Anyway, it is just something to think about, in any case. The way you will probably need to draw a sprite on top of a tile is place the sprite inside your tile/map generation function. This has a few problems, first of which is "how do you know which tile the sprite should be blit to?".

The next problem is kind of tricky, especially if you hadn''t created the tile blitter with sprites in mind in the first place (sometimes major re-programming), you need to blit the sprite right after the tile he is standing on has been blitted, then continue blitting the rest of the tiles. This is probably the simplest way, there are others, but they are a lot more complicated, however, this type of blit makes it nice if you have a tile in the foreground which is taller than the tile which the sprite is standing on since it gives depth and makes it look like the sprite is standing "behind" things (like trees, rocks, ect).

The last problem with this type of blit is that, on certain occasions when moving from tile to tile, part of your sprite will be blit over by the tile next to it which causes your sprite to lose an arm, leg, or sometimes a head. For some games, this isn''t a big deal, I have seen it in a few professional games, and in most cases the look is not that detrimental.

Another way you could try it is like it said "much more complicated". This is the way most Sierra adventure games (ie: kings quest, heros quest, ect.) are done. Although they aren''t using a tile based map system, they have unseen maps for things such as: Where the sprite can walk without running into something, which objects are in the foreground so the sprite is blit behind them (or in front depending on his location), ect. This way would probably too complex for a scrolling system.

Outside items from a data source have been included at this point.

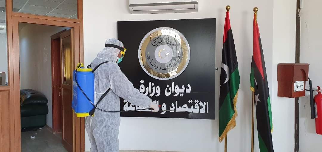أعلنت وزارة الاقتصاد والصناعة بحكومة الوفاق الوطني عن استكمالها الحملة الوقائية المتمثلة في تعقيم المبانئ الإدارية للوزارة بعدد من مواقعها كديوان الوزارة بالسراج و مقر بوهريدة و السجل التجاري العام جنزور .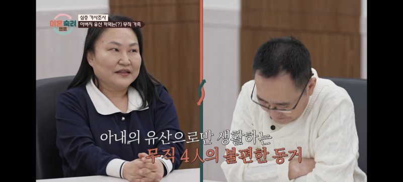 서장훈은 "성인 네 명이 있는데 네 명 다 일을 안 하는 거죠? 네 명이 다 아내의 유산을 까먹고 사는 거냐"고 황당해했다. 아내는 "(유산을) 다 써서 지금은 거의 없다"고 했다.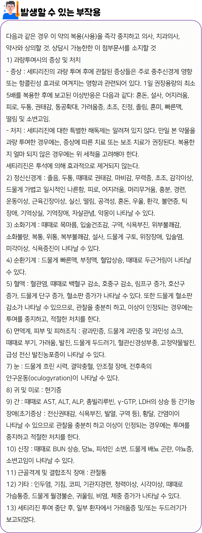 - 이 약을(를) 복용할 시 다음과 같은 부작용이 발생할 수 있으니 주의하시길 바랍니다.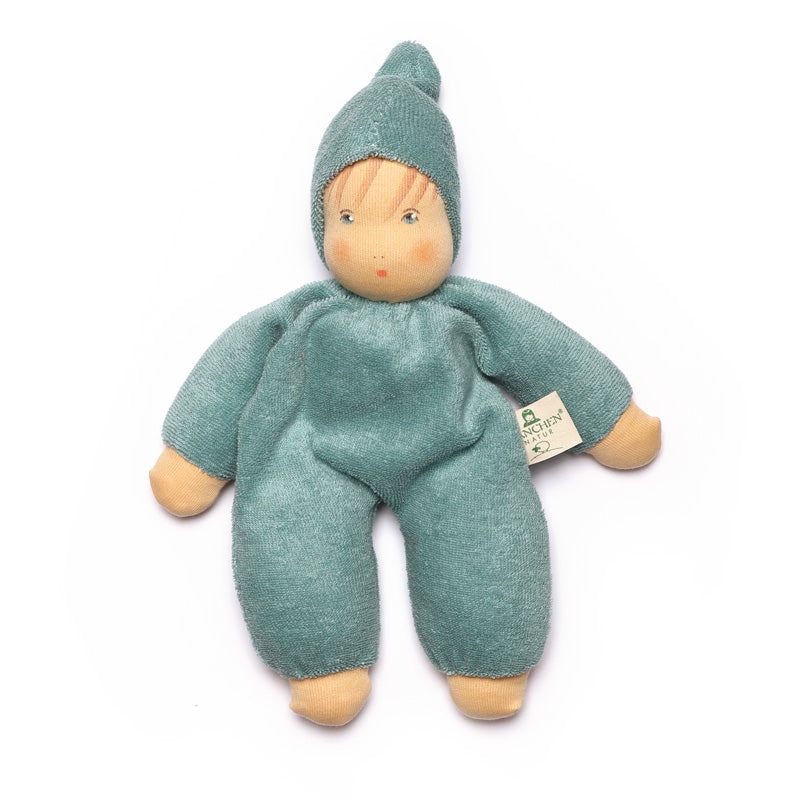 Deze lieve knuffelpop is met zorg gemaakt door Nanchen Natur. Gemaakt van natuurlijke materialen en gevuld met zachte schapenwol. Wol neemt warmte op en houdt de geur van thuis vast, waardoor de pop een vertrouwd en troostend gevoel geeft. Perfect als eerste knuffelvriendje en een waardevolle metgezel voor elk kind!

And last but not least, you could do it the Star Craft way. This way is the easiest by far, but the problem is that the angle in which you are looking at your map has to be an overhead style. If this is the case, just blit the tile/map first then blit your sprites on top. Star Crafts is (of course more complicated than that, but only slightly, they do have a blit order in their map system in case of "raised tiles" such as those with trees and hills, but you could simulate this effect by making trees and such "sprites" also and blit them from back to front so the trees are in front of your sprite when he is behind them, ect. the only problem I see with this is large amounts of data to store locations for trees and such.

Hope that helped, that is a lot of text, I almost wrote a freakin'' book.